The most publicized legal development in the area of independent contractor law last month involved an opinion issued by a federal appellate court in a gig economy case that generated national attention.  In a decision discussed below, the United States Court of Appeals for the First Circuit held that local couriers who make deliveries to Postmates’ customers of products they pick up from retail stores are not interstate transportation workers.  As a result, the court held that the couriers do not fall into the interstate transportation exemption from arbitration under the Federal Arbitration Act.  In reaching this decision, the First Circuit distinguished the couriers from drivers making last-mile deliveries of products for Amazon, whom the court found to be interstate transportation workers under the federal arbitration law.  While this Postmates decision provides companies involved in local delivery services with additional legal authority when they seek to compel arbitration of a proposed class action, the decision is not nearly as momentous as many commentators have suggested. Why? Because companies can also compel arbitration under state arbitration laws, almost all of which do not contain an exemption for interstate transportation workers.  We pointed that out in a blog post last year involving a case holding that certain ride-sharing drivers were exempt from arbitration under the Federal Arbitration Act but were nonetheless compelled to arbitrate under a state arbitration law. Prudent companies seeking to compel arbitration of proposed class actions based on allegations of independent contractor misclassifications would be also be wise to take the steps we outlined in an earlier blog post where we offered suggestions as to how to draft effective arbitration clauses as part of a process designed to minimize misclassification liability.

In the Courts (3 cases)

POSTMATES COURIERS ARE NOT INTERSTATE TRANSPORTATION WORKERS AND THEREFORE MAY BE COMPELLED TO ARBITRATE THEIR IC MISCLASSIFICATION CLAIMS.  The U.S. Court of Appeals for the First Circuit has concluded that couriers who deliver goods from local restaurants and grocery stores to customers through the Postmates app are not engaged in interstate commerce and are not, therefore, exempted from their arbitration agreements under the interstate transportation exemption in the Federal Arbitration Act.  The couriers sought damages for allegedly unpaid minimum wage, sick leave, and expense reimbursements, claiming they have been misclassified as independent contractors instead of employees under state wage laws. In opposing the company’s motion to compel arbitration, the couriers relied on the Waithaka v. Amazon decision in the First Circuit involving Amazon’s last-mile delivery drivers.  But unlike the couriers in the Amazon case, the First Circuit found the couriers providing services to customers through the Postmates app were not engaged in the interstate transport of goods and therefore were subject to arbitration under the Federal Arbitration Act.

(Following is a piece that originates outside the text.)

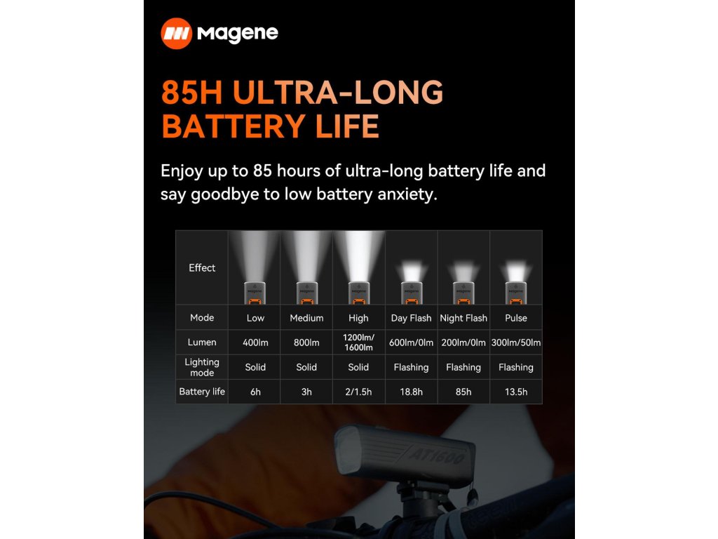 Rýchle nabitie za 2,5 hodiny pomocou USB-C a dlhá výdrž batérie robia zo svetla MAGENE AT1200 spoľahlivého spoločníka na každú jazdu!

The First Circuit found it significant that nearly all Postmates app orders placed in Massachusetts are fulfilled within the state, and the average distance travelled by a courier during a delivery is about 3.7 miles.  In reaching its decision, the First Circuit stated, “the phrase ‘engaged in interstate commerce’ is a term of art that does not encompass the local retail of goods, even if those goods previously have been shipped interstate.” It further noted that although the couriers transport goods, “they do so as part of separate intrastate transactions that are not themselves within interstate commerce.” (Emphasis added.)  The court added:  “That the delivered items may once have travelled across state borders does not alter the equation. The interstate journey terminates when the goods arrive at the local restaurants and retailers to which they are shipped.”  The First Circuit contrasted the facts in Waithaka v. Amazon, stating:  “[U]nlike Postmates, customers bought goods directly from Amazon, which orchestrated the interstate movement of those goods and arranged, as part of the purchase, for their delivery directly to the customer. That local delivery was therefore integral to the interstate movement such that the goods remained within the flow of interstate commerce until arriving at the customer’s doorstep.”  Immediato v. Postmates, Inc., No. 22-1015 (1st Cir. Nov. 29, 2022).